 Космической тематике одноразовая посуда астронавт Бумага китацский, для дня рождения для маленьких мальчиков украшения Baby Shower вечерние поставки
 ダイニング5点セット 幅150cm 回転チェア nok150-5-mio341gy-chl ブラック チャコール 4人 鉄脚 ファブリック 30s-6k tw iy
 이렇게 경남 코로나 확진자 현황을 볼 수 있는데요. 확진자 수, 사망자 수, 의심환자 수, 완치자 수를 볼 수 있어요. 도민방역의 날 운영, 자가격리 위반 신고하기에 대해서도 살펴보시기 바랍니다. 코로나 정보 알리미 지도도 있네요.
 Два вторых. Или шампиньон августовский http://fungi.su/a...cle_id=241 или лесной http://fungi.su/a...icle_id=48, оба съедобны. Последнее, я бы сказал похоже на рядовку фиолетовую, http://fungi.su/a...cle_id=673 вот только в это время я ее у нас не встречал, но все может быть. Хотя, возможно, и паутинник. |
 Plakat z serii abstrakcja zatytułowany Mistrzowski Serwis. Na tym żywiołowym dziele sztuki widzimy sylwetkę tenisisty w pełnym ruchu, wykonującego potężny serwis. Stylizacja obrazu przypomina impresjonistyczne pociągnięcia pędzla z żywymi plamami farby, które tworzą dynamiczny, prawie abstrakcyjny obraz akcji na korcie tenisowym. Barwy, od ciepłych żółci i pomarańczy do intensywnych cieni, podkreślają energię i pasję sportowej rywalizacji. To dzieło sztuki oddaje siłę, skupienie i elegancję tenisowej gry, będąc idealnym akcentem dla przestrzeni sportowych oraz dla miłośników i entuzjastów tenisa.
---
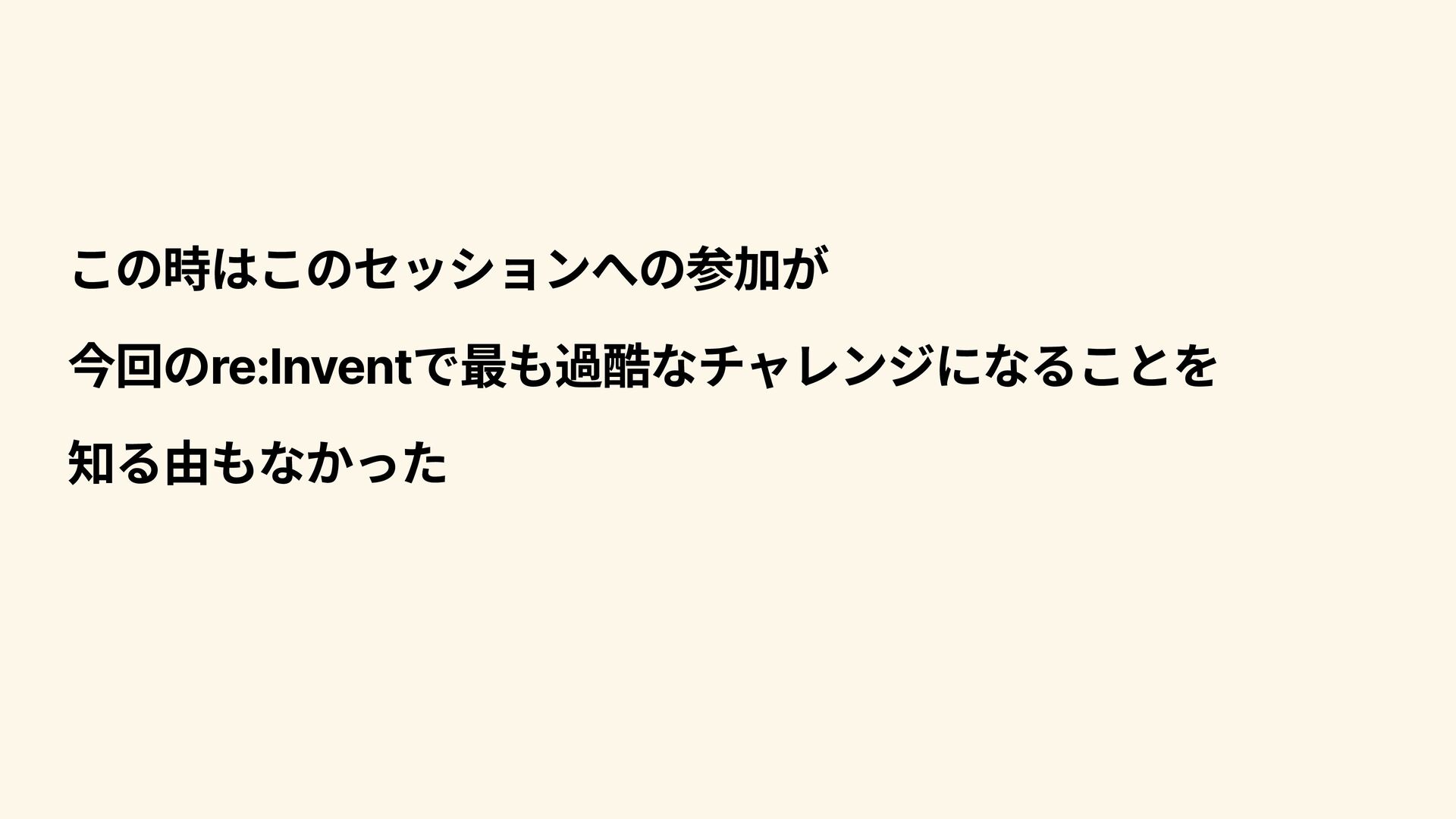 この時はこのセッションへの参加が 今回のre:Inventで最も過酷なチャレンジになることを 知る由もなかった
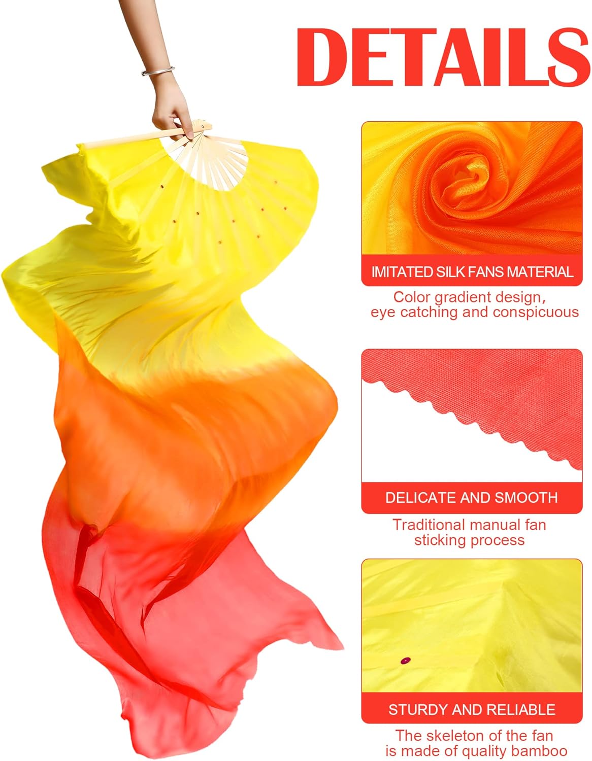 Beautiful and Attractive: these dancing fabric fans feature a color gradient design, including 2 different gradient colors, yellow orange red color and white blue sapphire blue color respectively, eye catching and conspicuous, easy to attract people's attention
--
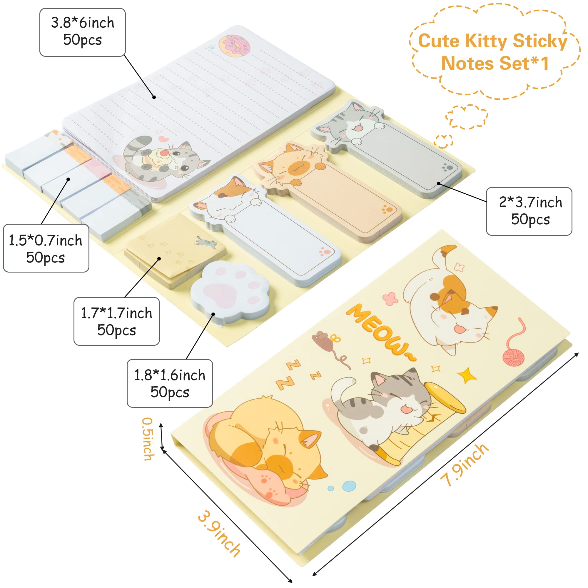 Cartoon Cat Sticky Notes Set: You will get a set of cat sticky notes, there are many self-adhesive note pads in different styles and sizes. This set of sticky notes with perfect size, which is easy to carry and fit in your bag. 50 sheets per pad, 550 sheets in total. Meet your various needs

Task details: Your answer should consist of the lines from the line with "Космической тематике одноразовая" to the line with "Два вторых. Или" above, repeated exactly, both ends included.

Written solution:
 Космической тематике одноразовая посуда астронавт Бумага китацский, для дня рождения для маленьких мальчиков украшения Baby Shower вечерние поставки
 ダイニング5点セット 幅150cm 回転チェア nok150-5-mio341gy-chl ブラック チャコール 4人 鉄脚 ファブリック 30s-6k tw iy
 이렇게 경남 코로나 확진자 현황을 볼 수 있는데요. 확진자 수, 사망자 수, 의심환자 수, 완치자 수를 볼 수 있어요. 도민방역의 날 운영, 자가격리 위반 신고하기에 대해서도 살펴보시기 바랍니다. 코로나 정보 알리미 지도도 있네요.
 Два вторых. Или шампиньон августовский http://fungi.su/a...cle_id=241 или лесной http://fungi.su/a...icle_id=48, оба съедобны. Последнее, я бы сказал похоже на рядовку фиолетовую, http://fungi.su/a...cle_id=673 вот только в это время я ее у нас не встречал, но все может быть. Хотя, возможно, и паутинник. |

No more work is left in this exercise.